### Exercise aim
No pictures should appear. The lines from the beginning of the listing through the one holding "Atrás da casa" must be reproduced exactly, and nothing more.

### Provided material
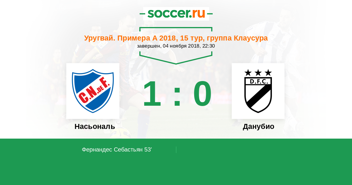 Уругвай. Примера A 21.11.2015 Данубио Логотип футбольный клуб Данубио (Монтевидео) 2:0 Логотип футбольный клуб Насьональ (Монтевидео) Насьональ
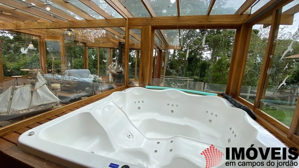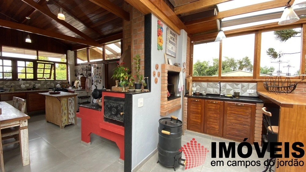 Atrás da casa principal tem mais uma área social espetacular, com sala de música com banheiro que pode ser suíte já que tem uma porta que isola esse espaço dos demais, um spa 8 lugares projetado com maestria, onde você terá o prazer de se mimar com um banho revigorante na hidromassagem, área gourmet com churrasqueira sendo possível assar churrasco dos dois lados , fogão à lenha, forno industrial, mais uma sala de estar com lareira nesse espaço todo envidraçado com vidro temperado 10 milímetros. Jardim na frente com árvores frutíferas e araucárias.
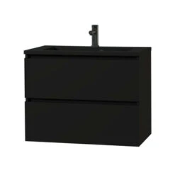 Het greeploze Tiger Karlo badkamermeubel is speciaal ontworpen voor de moderne en industriële badkamer. De volledig voorgemonteerde wastafelonderkast van 80 cm in mat zwart heeft twee ruime lades om al je verzorgingsproducten overzichtelijk in op te bergen. De metalen lades zijn uitgerust met hoogwaardige softclose geleiders waardoor ze altijd geruisloos sluiten. De bovenste lade heeft een mooi afgewerkte sifon uitsparing.

### Task response
 Уругвай. Примера A 21.11.2015 Данубио Логотип футбольный клуб Данубио (Монтевидео) 2:0 Логотип футбольный клуб Насьональ (Монтевидео) Насьональ
 Atrás da casa principal tem mais uma área social espetacular, com sala de música com banheiro que pode ser suíte já que tem uma porta que isola esse espaço dos demais, um spa 8 lugares projetado com maestria, onde você terá o prazer de se mimar com um banho revigorante na hidromassagem, área gourmet com churrasqueira sendo possível assar churrasco dos dois lados , fogão à lenha, forno industrial, mais uma sala de estar com lareira nesse espaço todo envidraçado com vidro temperado 10 milímetros. Jardim na frente com árvores frutíferas e araucárias.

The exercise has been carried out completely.